Stream mappings

The Transcoder API allows you to concatenate videos, mix audio tracks, and more. The JobConfig JSON specification is highly flexible, and this can create ambiguity between inputs and outputs. You can define certain stream mappings to clear up this ambiguity. If you do not, the API provides reasonable default stream mappings for you.

This page shows the default stream mappings provided by the API and some advanced configuration examples for the encoding of input media files.

Background

The inputs list in a JobConfig specifies which files to download, not how to use them. Each input is paired with a key to identify it.

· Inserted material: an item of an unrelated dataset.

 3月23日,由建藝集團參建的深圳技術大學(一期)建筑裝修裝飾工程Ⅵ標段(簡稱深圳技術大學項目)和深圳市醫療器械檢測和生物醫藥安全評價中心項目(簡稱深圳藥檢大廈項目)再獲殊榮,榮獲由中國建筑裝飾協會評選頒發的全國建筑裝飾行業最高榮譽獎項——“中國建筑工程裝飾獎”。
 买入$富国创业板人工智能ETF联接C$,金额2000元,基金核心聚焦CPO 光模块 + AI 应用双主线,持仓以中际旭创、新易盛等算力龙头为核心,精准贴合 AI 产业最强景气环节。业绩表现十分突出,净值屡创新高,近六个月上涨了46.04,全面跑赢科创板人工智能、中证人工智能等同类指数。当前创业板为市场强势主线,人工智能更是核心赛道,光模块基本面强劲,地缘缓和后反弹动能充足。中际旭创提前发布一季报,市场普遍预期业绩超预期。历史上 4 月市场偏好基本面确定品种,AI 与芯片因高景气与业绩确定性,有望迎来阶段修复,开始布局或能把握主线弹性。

The editList defines a sequence of edits as a timeline for the output file (or manifest) from a transcoding job. The inputs in the editList determine which inputs to use in each atom.

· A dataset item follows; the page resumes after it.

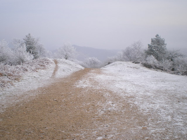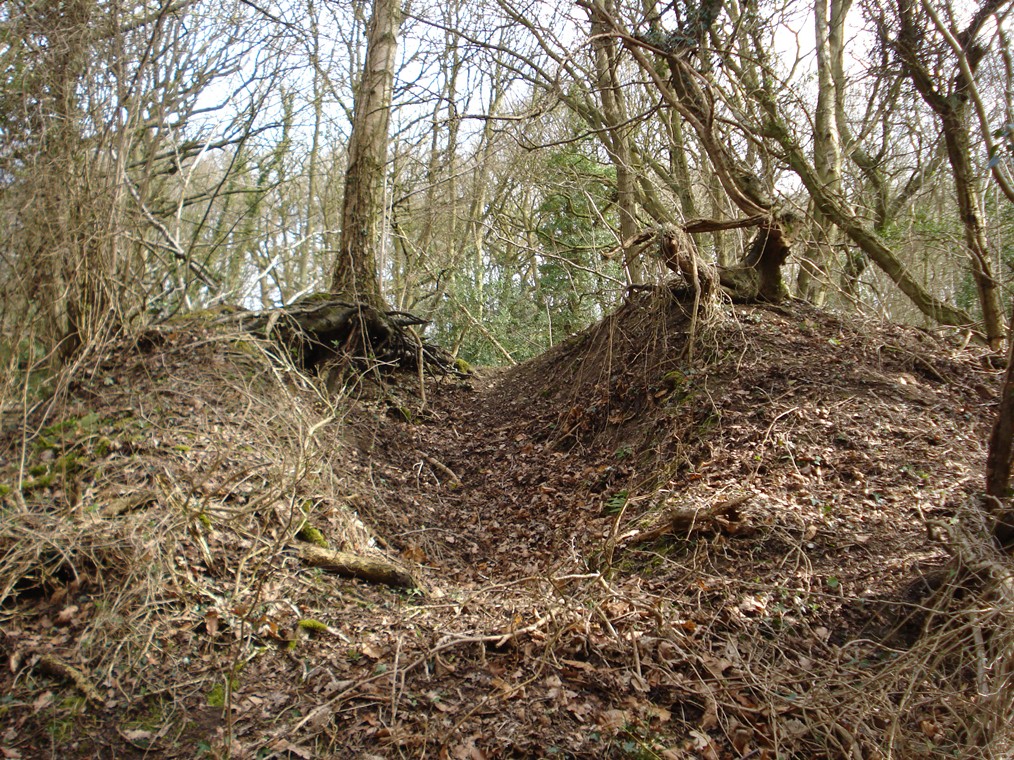 From the trig point, follow the path as it descends from the summit through the embankments of the hilltop settlement. After a short way the path leaves open ground and enters into woods. It descends very steeply and great care should be taken, particularly if the ground is wet.

For more information, read the Concepts section in the Overview.

Default video mapping

Each atom in the editList must reference at least one input that contains a video track. If multiple inputs are defined for an atom and each contains a video track, the first input in the inputs list is used as the video source; this is the default mapping. If none of the inputs contains a video track, the job fails.

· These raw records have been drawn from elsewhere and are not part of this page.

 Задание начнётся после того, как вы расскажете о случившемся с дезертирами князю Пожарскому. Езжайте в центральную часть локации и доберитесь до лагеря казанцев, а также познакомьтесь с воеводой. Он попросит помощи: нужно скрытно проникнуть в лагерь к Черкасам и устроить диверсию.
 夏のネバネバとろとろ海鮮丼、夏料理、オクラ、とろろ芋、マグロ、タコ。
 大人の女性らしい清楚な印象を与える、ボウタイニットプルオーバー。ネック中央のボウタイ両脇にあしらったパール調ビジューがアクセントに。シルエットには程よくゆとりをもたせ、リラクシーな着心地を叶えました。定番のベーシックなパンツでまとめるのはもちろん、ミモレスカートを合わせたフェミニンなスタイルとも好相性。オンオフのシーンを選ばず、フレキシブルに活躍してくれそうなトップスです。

The following configuration concatenates the first 5 seconds of video track input0.mp4 with 10 seconds of video track input1.mov into the output file:

"inputs": [
  {
    "key": "input0",
    "uri": "gs://my-bucket/input0.mp4"
  },
  {
    "key": "input1",
    "uri": "gs://my-bucket/input1.mov"
  }
],
"editList": [
  {
    "key": "atom0",
    "inputs": ["input0"],
    "endTimeOffset": "5s",
    "startTimeOffset": "0s"
  },
  {
    "key": "atom1",
    "inputs": ["input1"],
    "endTimeOffset": "20s",
    "startTimeOffset": "10s"
  }
]

See Concatenating multiple input videos for more information.

Default audio mappings

Audio mappings apply to a variety of situations, most notably when there is a mismatched number of audio inputs to outputs.

Concatenate multiple inputs

Each atom in the editList must reference at least one input that contains an audio track if an audioStream is defined. If multiple inputs are defined for an atom and each contains an audio track, the first input in the inputs list is used as the audio source; this is the default mapping. If none of the inputs contains an audio track, the job fails.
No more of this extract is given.